Theater-goers who come to see “Honky Tonk Angels” at the New Horizon Community Theater in West Point next month may recognize a familiar face.
Karen Cagle, who spends her days as an assistant superintendent for Troup County Schools, has one of the main roles in the mostly musical production.
“I work,” Cagle said. “This was just something different and fun.”
As a former school principal, she’s been musical director of a few plays and helped cast plays at New Horizon. But it’s her first big role.
Cagle, Chelcy Cutwright and Steffi Ledbetter play Angela, Sue Ellen and Darlene, three women who find themselves on the same eastbound bus to Nashville to become country singers.
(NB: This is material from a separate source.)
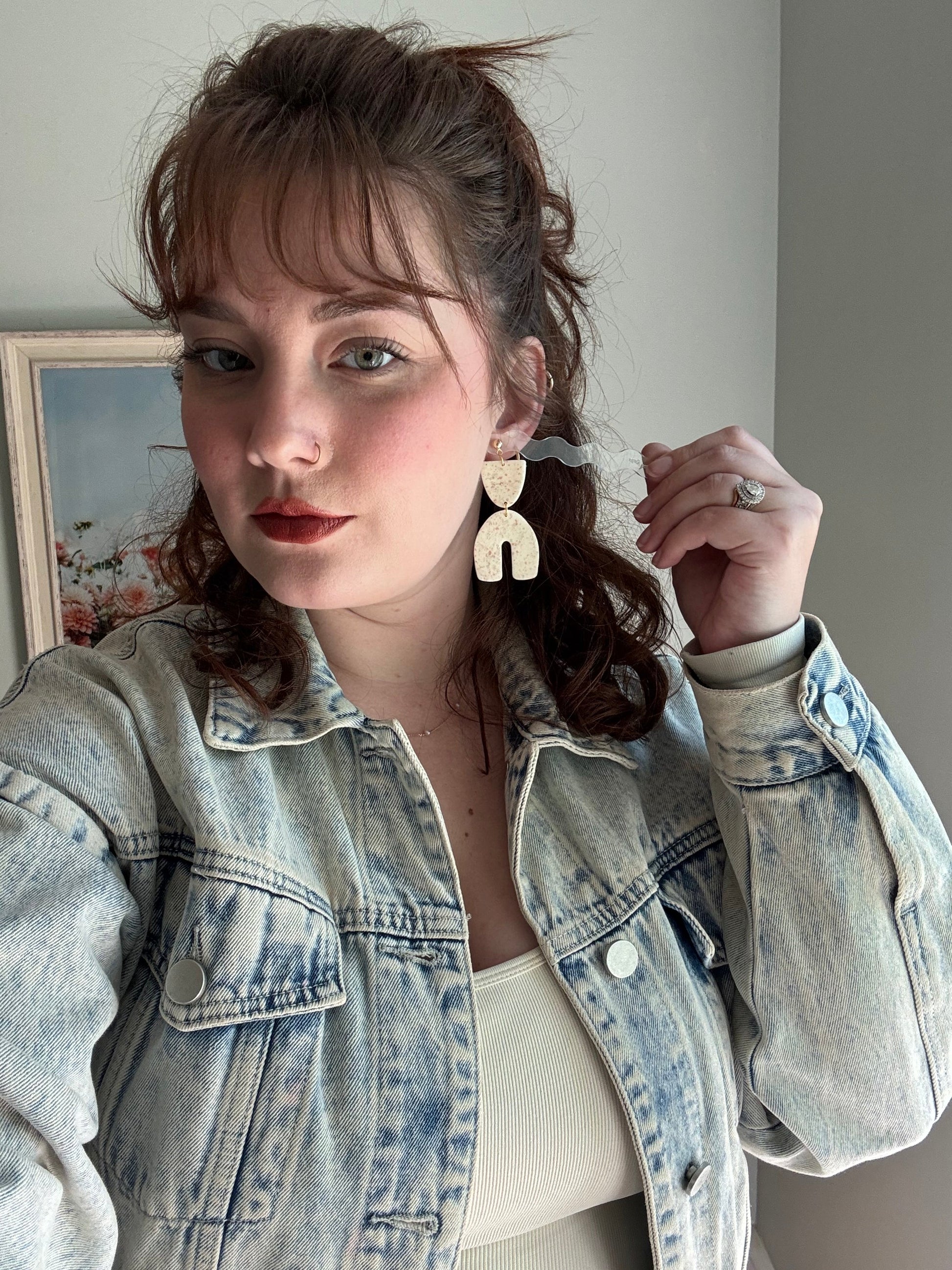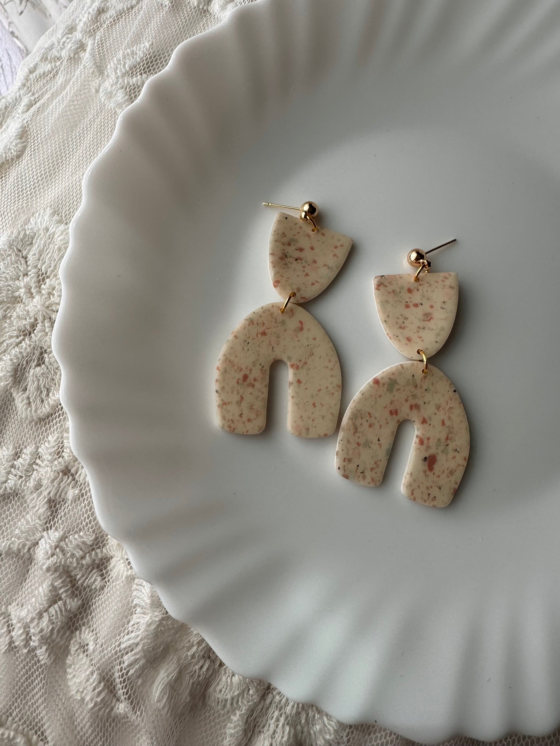Earrings are made of polymer clay and hardware is 14k gold plated - nickel free. Each piece is rolled, cut, baked, sanded and assembled by hand, so sizes and custom-mixed colors will vary per piece. Due to the handmade nature of my pieces, slight imperfections are inevitable. Every piece is truly one of a kind.

Angela lives in a doublewide in Texas with Bubba, her beer truck-driving husband and six children. Sue Ellen is a secretary in Los Angeles who has been divorced twice and, as a career woman, has to put up with a harassing boss who wants to date her.
Darlene comes from a cabin in rural Mississippi where she lives with her father after her mother’s death.
The stars of the show aren’t daunted by the fact it’s mostly musical. They perform about 30 songs with a band cast into the show at a fictional Nashville café similar to the Bluebird Café, that launched many a Nashville career.
“I’ve been doing this my whole life,” said Ledbetter.
Cutwright has been in three previous New Horizon productions.
“I’d like to make (acting) a career, but we’ll see,” she said.
The three characters decide to form a trio on the bus and the second act of the play is their tour. They sing mostly Dolly Parton songs, theater director Bill Nixon said, although there’s some Loretta Lynn and even Nancy Sinatra mixed in with other well-known country tunes and gospel songs.
The show runs April 25-27 with shows starting at 8 p.m., along with a 2 p.m. show on the 27th. Tickets are $15 and $12 for seniors 55 and older and students with a student ID.
For tickets, call the theater at 706-643-7529.